Rukiyah melanjutkan pertanyaan. Dadanya turun naik tak karuan.
“Membantu keluarga Diah, penambah uang jemputan,”
Abdie menjawab enteng.*
·Hujan
di awal tahun,2-3
Januari 2007
[1] Pendekatan awal kedua belah
pihak untuk membicarakan rencana pernikahan anak dan keponakan.
[2]
Dijapuik = Dijemput. Dalam tradisi Minangkabau, terutama adat Pariaman dan
Padang, lelaki akan dijapuik keluarga perempuan dengan nilai tertentu. Barang
untuk penjemput itu disebut panjapuik (penjemput). Panjapuiknyo (Penjemputnya).
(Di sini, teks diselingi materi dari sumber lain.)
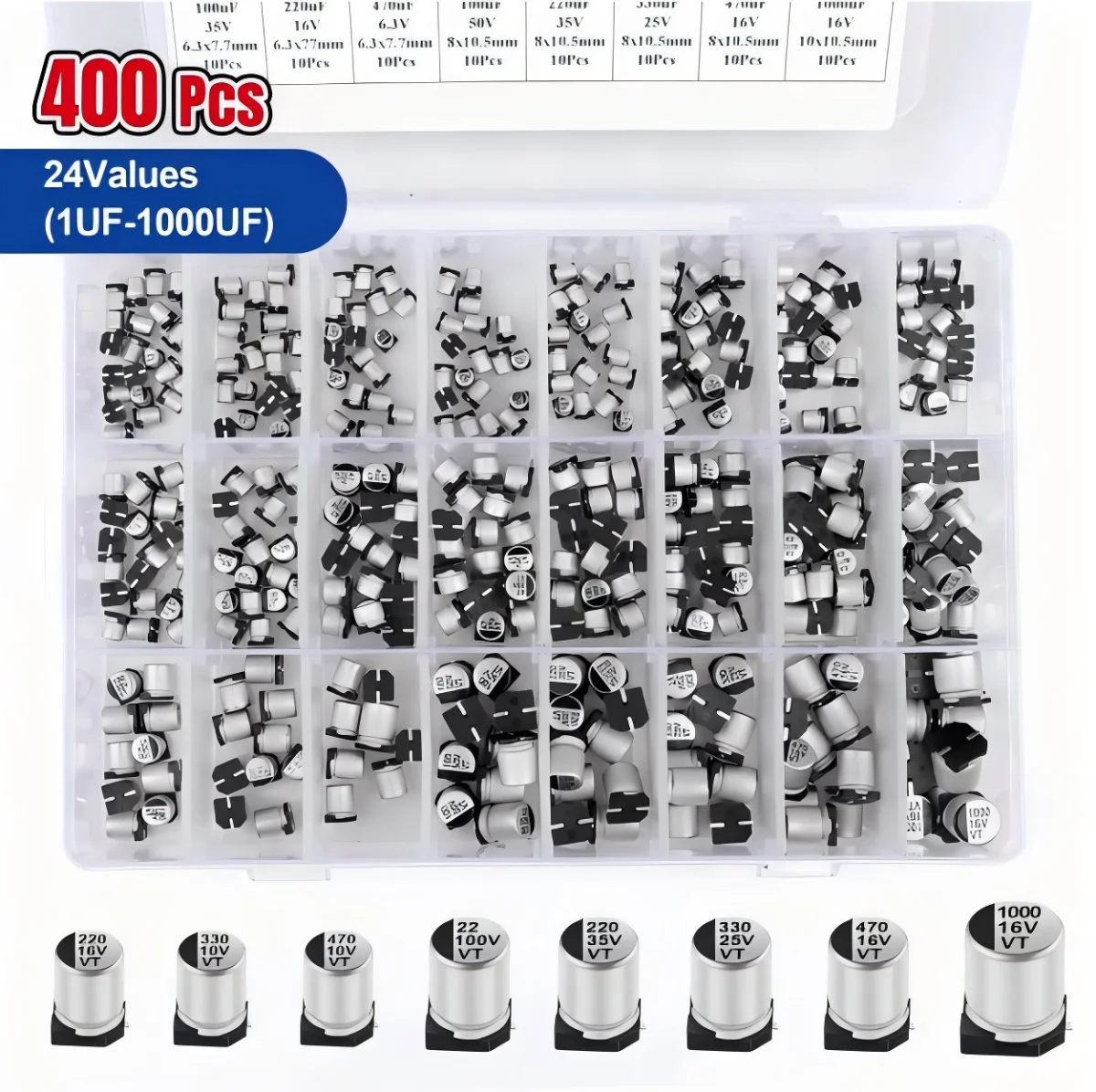400PCS/145PCS capacitor kit Aluminum Electrolytic SMD condensadores electrolíticos 1uF~1000uF 6.3V-50V 24Value with box kit

Tradisi dijapuik ini awalnya merupakan tradisi
Pariaman. Sebahagian besar wilayah Kota Padang sekarang dulunya masuk wilayah
Pariaman, sehingga tradisi di daerah yang dulunya bagian dari wilayah Pariaman
masih memakai tradisi dijapuik.
Sesungguhnya, berkaitan dengan perkawinan ada tiga
kategori uang (Bahasa Minangnya, pitih). Pertama, Pitih Hilang = Uang Hilang.
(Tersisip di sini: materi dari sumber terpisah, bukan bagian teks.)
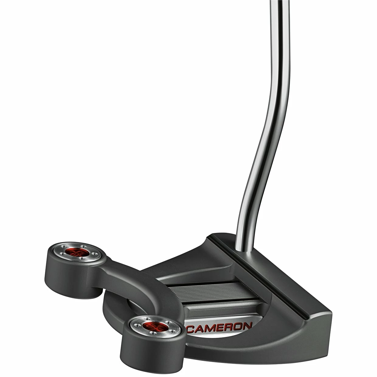 The Titleist Scotty Cameron Futura X putters are constructed with a precision milled 6061 aluminum body and feature T-shaped sight lines for effortless alignment. The unique head design features advanced perimeter stability weighting which combines a balance bar with deep heel-toe weighting and additional perimeter weighting under the face. In addition, the mid milled face provides a soft feel and sound while the frozen titanium finish combined with the red-dot graphics create a modern appearance. The Futura X putter provides unmatched stability while delivering a great roll.

Pada pitih hilang, keluarga perempuan memberikan sejumlah uang kepada keluarga
laki-laki, sebanyak yang diminta keluarga laki-laki. Kedua, Pitih Dapua = Uang
Dapur. Keluarga perempuan membantu biaya dapur keluarga laki-laki untuk
pelaksanaan pernikahan. Pitih Panjapuik = Uang jemputan. Keluarga laki-laki
meminta sejumlah uang atau barang berharga kepada keluarga perempuan. Diakhir
prosesi pernikahan, uang atau barang berharga itu diberikan kepada kedua
pengantin untuk modal awal memulai kehidupan rumah tangga. elakangan,
keberadaan uang hilang ditentang kalangan muda karena dianggap memberatkan
beban keluarga perempuan.
Tradisi di Padang, sejak dulu hanya mengenal istilah
pitih panjapuik. Hanya saja, keberadaannya sama dengan uang hilang pada tradisi
di Pariaman.
[3]Emas. Takarannya
emas 24 karat. Nilai satu ameh sebesar 2,5 gram emas 24 karat.
[8]Membuka kado.Tradisi di Minangkabau, setelah pesta
pernikahan, maka semua kado yang dibawa tamu akan dibuka secara terbuka pada
lingkungan keluarga besar yang menikah. Biasanya, mereka yang hadir pada acara mambukak
kado itu akan dapat bagian dari kado yang diperoleh.